Tufts should embrace burgeoning startup community

 

Tufts has in the past few years seen a boom in the amount of startups that its students and alums create, whether with computer science skills or otherwise. As a university, Tufts does not have a long- held reputation for producing a great number of entrepreneurs or startups akin to that of MIT or Stanford. Still, the campus has a number of alums who have taken the skills they learned at Tufts into the startup world. Even some students have taken to the entrepreneurial life from their dorm rooms. Though it is not traditionally fertile ground for startups, Tufts should use its unique traits to bolster its future entrepreneurs by emphasizing its international focus and reaching out to its alumni who work in finance. Doing so not only strengthens one more facet of our curriculum, but also increases students’ chances in a difficult jobs market.
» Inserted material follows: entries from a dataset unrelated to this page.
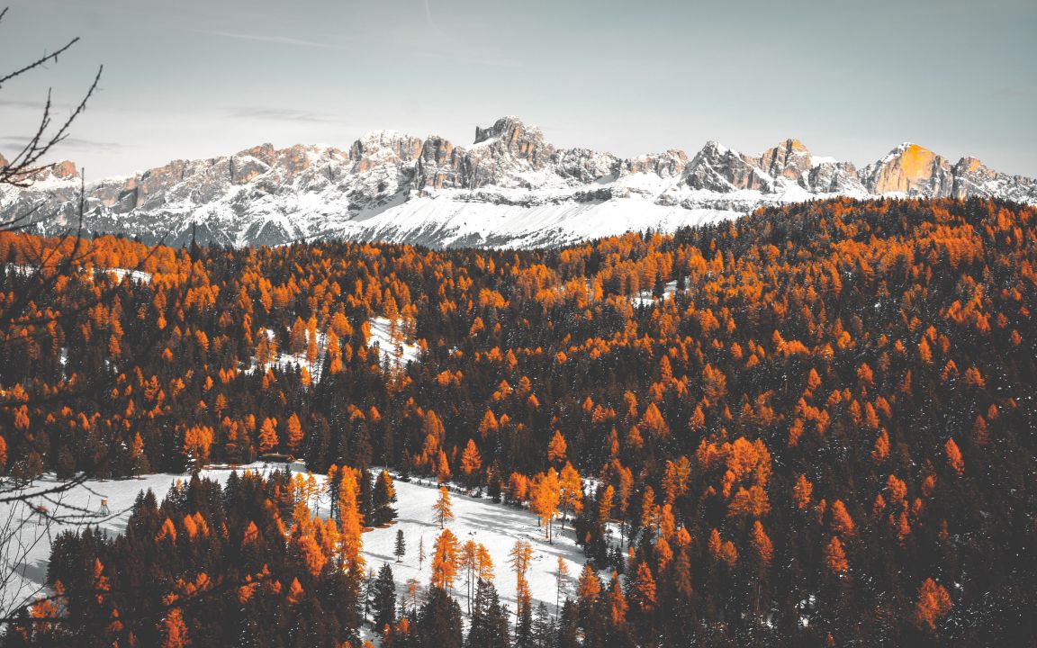 雪景与秋色森林
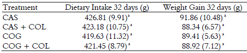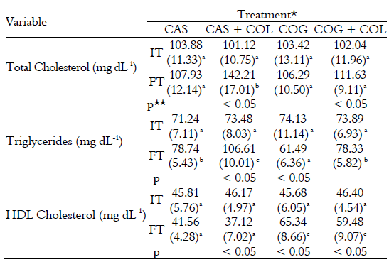 Table 4 also shows the rates of lipid concentrations in the animals´ stool. Since there is a significant difference in fecal excretion of lipids when CAS and COG groups are compared, concentration of total lipids excreted in the stool increases when the mushroom A. brasiliensis is added to the experimental diet. Similarly, comparing treatment groups and CAS + COL and COG + COL shows a significant difference and observation of virtually the same effect of increased fecal excretion of lipids.
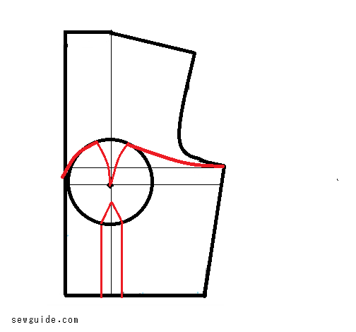 Mark the top edge curved to the armhole as in the picture below.
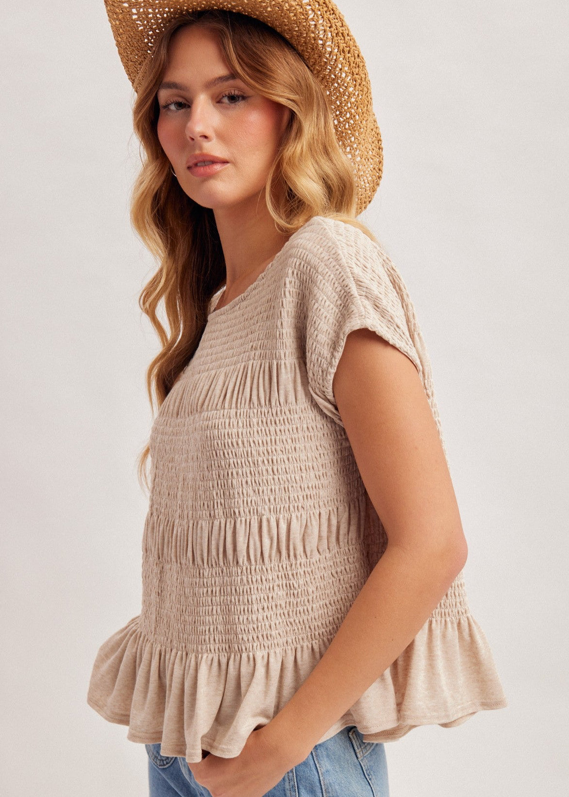 Sleeveless Sweater w/Faux Tie - Oatmeal
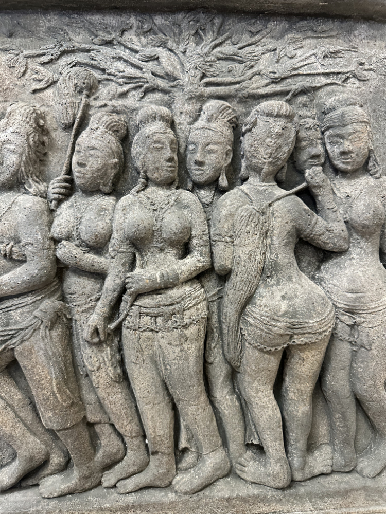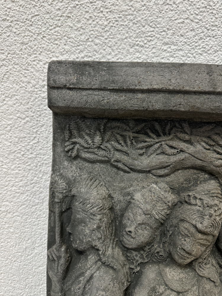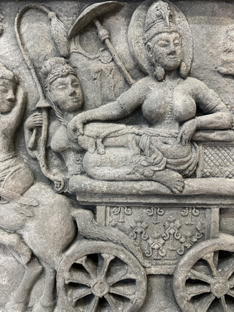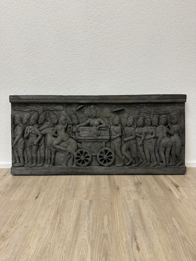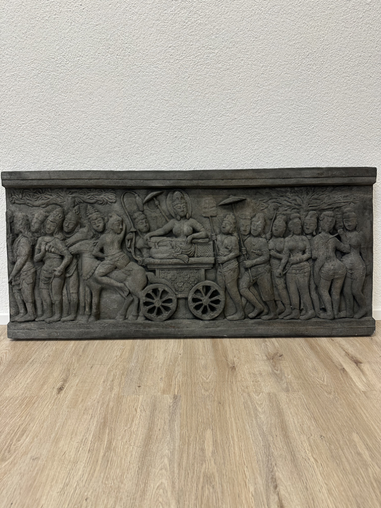 Dieses eindrucksvolle Wandrelief zeigt eine der zentralen Szenen der buddhistischen Überlieferung: Königin Maya auf dem Weg in den Lumbini-Garden, wo sie Buddha zur Welt bringen wird. Die Darstellung folgt einem historischen Vorbild aus dem berühmten Borobudur-Tempel auf Java, dessen Reliefs aus dem 8. Jahrhundert stammen.

As a university, Tufts has produced entrepeneurs like Kevin Halter (A ’03), founder of Getabale, an app, and Neil Blumenthal (A ’02) founder of Warby Parker, a vintage prescription glasses store. The two serve as examples of the type of people and enterprises Tufts can produce. Certainly, there are some immediately evident actions that can be taken to continue building up this part of our academic programs. Computer science, a major growing in popularity on campus, could see crossover classes with Entrepreneurial Leadership Studies (ELS) to examine the crossroads of technology and business. Tufts Venture Fund has put focus on the capacity of Tufts to use its international and global focus to inform its entrepreneurial-minded students in a way that makes them able to think differently and compete more intensely. At another side of the entrepreneurial equation lies the financial support expressly important to nascent startup companies. Tufts has a large alumni community in finance and many students interested in financial futures. Whether by supporting the crossing of these two focuses in academics or in internships and programs, the administration can use available resources to round out entrepreneurial students in potent ways.

Tufts has a great deal of potential to be a great school for students interested in starting a company or major project. The university’s global focus and international emphasis as well as its diversity of student interests serve to make its average student, and therein its average entrepreneur, that much more worldly and socially conscious. Being able to produce entrepreneurial students not only takes advantage of an era in which the government is desperate to stimulate business in the United States, but also equips Jumbos with the skills they need to make their dreams and passions come to life. Boosting our startups and entrepreneurial students is a venture that the administration has great reason to engage in. Doing so is the all-important, and elusive, next step.